When you deploy the blueprint on existing projects, the blueprint is designed to rely on different projects configuring IAM binding with an additive approach.

Once you have identified the required project granularity for your use case, we suggest adapting the terraform script accordingly and relying on authoritative IAM binding.

Shared VPC

To configure the use of a shared VPC, configure the network_config, example:

network_config = {
  host_project      = "PROJECT_ID"
  network_self_link = "https://www.googleapis.com/compute/v1/projects/PROJECT_ID/global/networks/NAME"
  subnet_self_link = "https://www.googleapis.com/compute/v1/projects/PROJECT_ID/regions/REGION/subnetworks/NAME"
  composer_ip_ranges = {    
    cloudsql   = "192.168.XXX.XXX/24"
    gke_master = "192.168.XXX.XXX/28"
  }
  composer_secondary_ranges = {
    pods     = "pods"
    services = "services"
  }
}

Customer Managed Encryption key

To configure the use of Cloud KMS on resources, configure the service_encryption_keys variable. Key locations should match resource locations. Example:

service_encryption_keys = {
    bq       = "KEY_URL"
    composer = "KEY_URL"
    compute  = "KEY_URL"
    storage  = "KEY_URL"
}

Demo pipeline

The application layer is out of scope of this script. As a demo purpuse only, one Cloud Composer DAGs is provided to document how to deploy a Cloud Dataproc Serverless job on the architecture. You can find examples in the [demo](./demo) folder.

Files

name	description	modules	resources
01-landing.tf	Landing project and resources.	`gcs` · `iam-service-account` · `project`
02-composer.tf	Cloud Composer resources.	`iam-service-account`	`google_composer_environment`
02-dataproc.tf	Cloud Dataproc resources.	`dataproc` · `gcs` · `iam-service-account`
02-processing.tf	Processing project and VPC.	`gcs` · `net-cloudnat` · `net-vpc` · `net-vpc-firewall` · `project`
03-curated.tf	Data curated project and resources.	`bigquery-dataset` · `gcs` · `project`
04-common.tf	Common project and resources.	`data-catalog-policy-tag` · `project`
main.tf	Core locals.		`google_project_iam_member`
outputs.tf	Output variables.
variables.tf	Terraform Variables.

Variables

name	description	type	required	default
organization_domain	Organization domain.	`string`	✓
prefix	Prefix used for resource names.	`string`	✓
project_config	Provide 'billing_account_id' value if project creation is needed, uses existing 'project_ids' if null.
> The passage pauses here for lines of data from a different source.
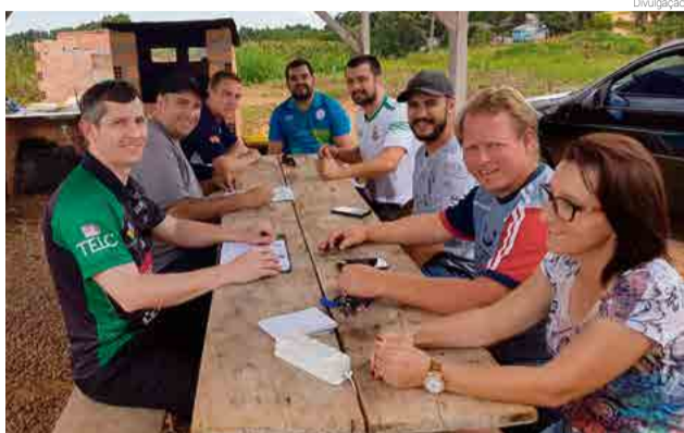
Última etapa do Circuito Oeste ocorre em Maravilha, no mês de novembro

O encontro reuniu representantes de Maravilha, Pínhazinho, São Miguel do Oeste, Chapecó e Xanxerê, sendo realizado na residência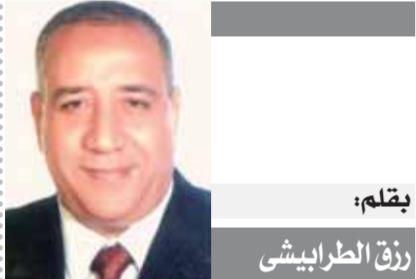
بقلم: رفاق الطرايشي

وحب مصر يتوزع في قلب المصري بين القري والمدن التي عاش فيها كما عاشنا مع أمننا المتصورة في مدينة المنصورة الجميلة وقضينا فيها طفولة سعيدة حتى شاء ربنا سبحانه وتعالى أن تشأ بها جامعة وكلية الحقوق تدعونا للتدريس بها في السبعينات، حيث نذهب إليها من الإسكندرية كل أسبوع للتعايش مع الأهل والأحبة المصريين ولتلقى محاضراتنا يومين أو ثلاثة ونجدد ذكرياتنا السعيدة مع نهر النيل الجميل ثم نعود للإسكندرية حينما الكبير التي نشأتنا إليها مثلما نشأتنا للمنصورة عندما تغيب عنها ويتردد في وجداننا الكلام الجميل للفنان الذي يطربنا بأغنيته الدينية في حب آل البيت قاتلاً (ساكن في حي السيدة وحبيبي ساكن في الحسين وعشان أتول كل الرضا يوماتي أزوح له مرتين من السيدة لسيدنا الحسين) وهو حب يتجدد في أيام وليال رمضان التي تسهر فيها مع تواشيع كبار المشندين الإسلاميين أمثال الشيخ التقشبي والشيخ نصر الدين طوبار وتزوجهما ترتيل القرآن الكريم بصوت الشيخ محمد رفعت وصوت الشيخ عبدالباقى عبدالصمد ونحن نتمتع بمشاهدة ملايين المسلمين وهم يطوفون كل ليلة حول الكعبة المشرفة ونسهر معهم حتى صلاة الفجر كل ليلة من ليالي رمضان المباركة أعادها الله عليكم باليسر والسعادة والبركات وكل عام وأنتم بخير.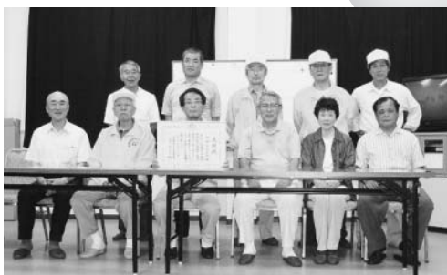
▲受賞した石神台自治会のみなさん

石神台自治会は17年度事業として、地域内の防犯灯の整備拡充を行いました。また、日頃より自治会有志で組織する「石神台ガーディアン」としてパトロール等防犯に取り組んでいます。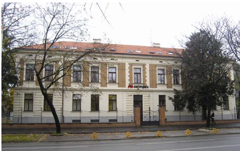
Nova upravna zgrada tvrtke Osimpex d.o.o. u Osijeku

nicima investitora, bili smo prisiljeni informacije o investitoru potražiti preko interneta, riskirajući pritom da neki od prikupljenih podataka možda i nije najtočniji. Pokušali smo ujedno zanemariti sve živopisne i brojne dodatke (posebno o bučnim glazbenim proslavama, provodima i političkim druženjima) o tom zanimljivom Osječaninu koji je relativno manje poznat u drugim dijelovima Hrvatske. Radi se ipak o jednom od naših uspješnijih poduzetnika, za kojega upućeni tvrde da je iznimno nadaren za trgovinu metalnim sirovinama i proizvodima, pa stoga nosi i neslužbenu titulu „hrvatskoga kralja željeza“.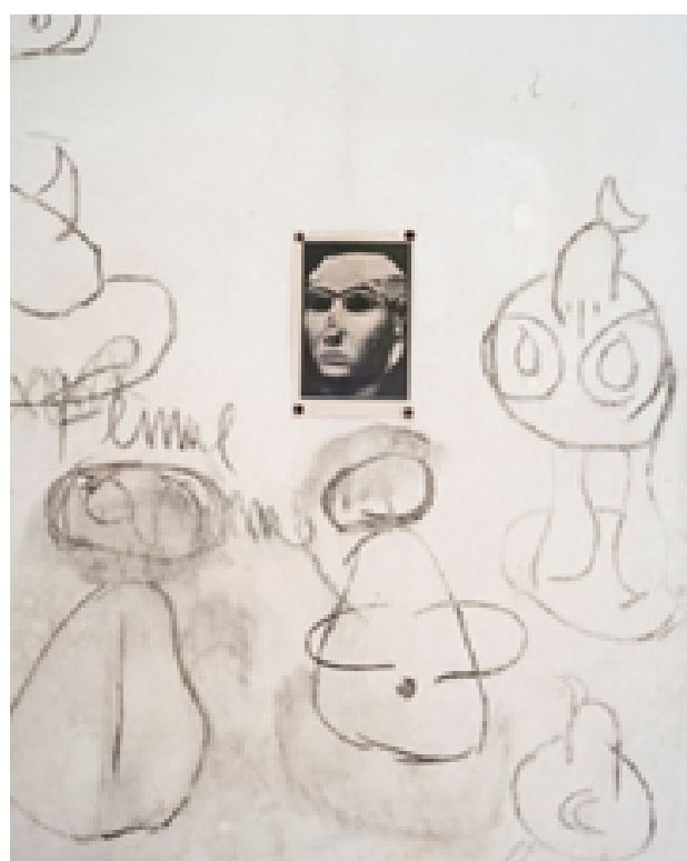
Grafitis de Joan Miró als murs de Son Boter, 2012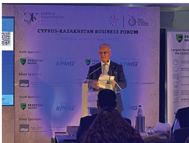
Επιχειρηματικό Συνέδριο Κύπρου - Καζακστάν

συστηματικά τα θέματα της Οικονομικής Διπλωματίας. Στην υπό αναφορά περίοδο δημιουργήθηκαν δύο νέοι επιχειρηματικοί σύνδεσμοι, Κύπρου - Καμπότζης και Κύπρου - Μάλτας.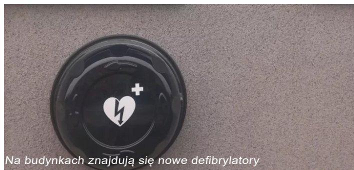
Na budynkach znajdują się nowe defibrylatory

Nr 1 w Żurominie, Szkole Podstawowej Nr 2 w Żurominie, w Szkole Podstawowej w Chamsku, w Szkole Podstawowej w Poniatowie, na Stadionie Miejskim i dworcu autobusowym. W ramach darowizny zostały również przeprowadzone szkolenia z obsługi defibrylatorów i pierwszej pomocy.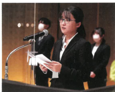
在校生歓迎の言葉

学友会の活動に加わってくれるメンバーを募集中です！ぜひ、一緒にこの大学をさらに盛り上げていきましょう！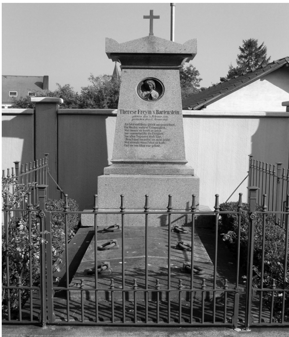
Das Grab von Therese von Bartenstein im Friedhof in Tribuswinkel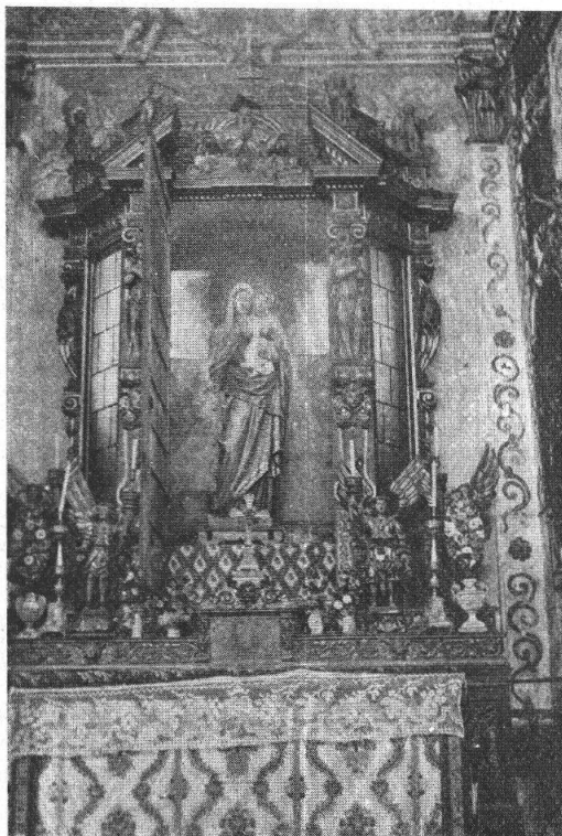
ALTARE DI S.ta DOMENICA.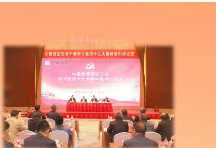
学习党的十九大精神集中培训班

时间见证奋斗者永不停歇的脚步。40年发展历程,是宝贵的知识传承,是厚重的文化积淀。中建党校(中建管理学院)在中建集团党组的坚强领导下,将以40年作为新起点、新方位,不忘初心勇担当、接续奋斗再出发,坚持从严治校、质量立校,在落实“四个面向”、深入实施新时代人才强国战略中,全面提升“主阵地”和“双一流”建设水平,为集团打造行业创新高地、创建世界一流企业提供坚强的智力和人才支撑。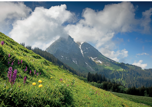
Le Moléson est la star incontestée de la région.

Auberge La Pierre à Catillon, Moléson-sur-Gruyères, 026 921 10 41, www.moleson.ch/auberge Restaurant-gîte de montagne Plan-Francey, 027 921 10 42, www.moleson.ch/pf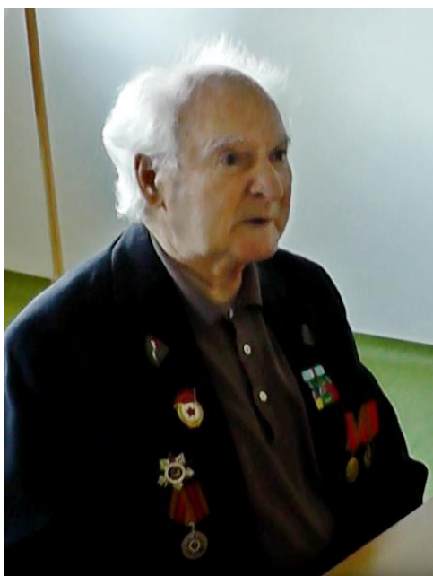
2019 na besedě v ZŠ Moravská Nová Ves

Na válku nevzpomínám rád, z traumat, která jsem utrpěl, jsem se musel léčit. Lékařka mi poradila: „Dělejte si ze všeho srandu.“ Toho se držím, jen musím dávat pozor, abych nikoho neurazil.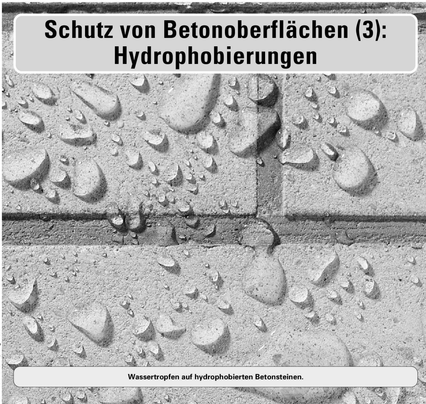
Wassertropfen auf hydrophobierten Betonsteinen.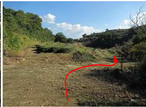
茶畑の作業路を下って行く。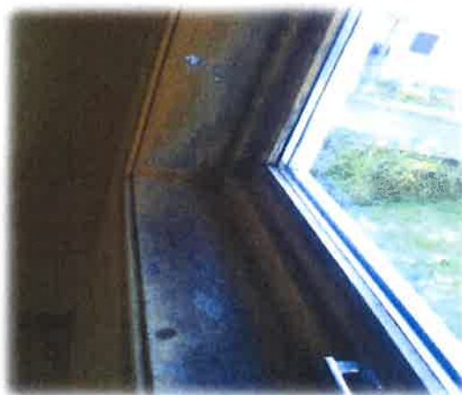
Bilde 19: Svertesopp i vindaugskarm

reingjere desse, eller om dei også må skiftast ut. Dei fleste innvendige veggflater bør også malast. Ein fant ein del svertesopp i vindaugskarmar og i hjørne på to av soveromma noko som tyder på lite lufting. Inngangsdører og garasje portar er i dårleg stand (en del roteskader) og bør også skiftast ut. I tillegg må enkeltbord skiftast utvendig pga. roteskader, og bygga bør malast.

Parent is in 'folders/nnn' or 'organizations/nnn' format.	`object({…})`	✓
composer_config	Cloud Composer config.	`object({…})`		`{}`
data_catalog_tags	List of Data Catalog Policy tags to be created with optional IAM binging configuration in {tag => {ROLE => [MEMBERS]}} format.	`map(object({…}))`		`{…}`
deletion_protection	Prevent Terraform from destroying data storage resources (storage buckets, GKE clusters, CloudSQL instances) in this blueprint. When this field is set in Terraform state, a terraform destroy or terraform apply that would delete data storage resources will fail.	`bool`		`false`
enable_services	Flag to enable or disable services in the Data Platform.	`object({…})`		`{}`
groups	User groups.	`map(string)`		`{…}`
location	Location used for multi-regional resources.	`string`		`"eu"`
network_config	Shared VPC network configurations to use. If null networks will be created in projects.	`object({…})`		`{}`
project_suffix	Suffix used only for project ids.	`string`		`null`
region	Region used for regional resources.	`string`		`"europe-west1"`
service_encryption_keys	Cloud KMS to use to encrypt different services. Key location should match service region.	`object({…})`		`{}`

Outputs

name	description	sensitive
bigquery-datasets	BigQuery datasets.
composer	Composer variables.
dataproc-history-server	List of bucket names which have been assigned to the cluster.
gcs_buckets	GCS buckets.
kms_keys	Cloud MKS keys.
network	VPC network.
projects	GCP Projects information.
service_accounts	Service account created.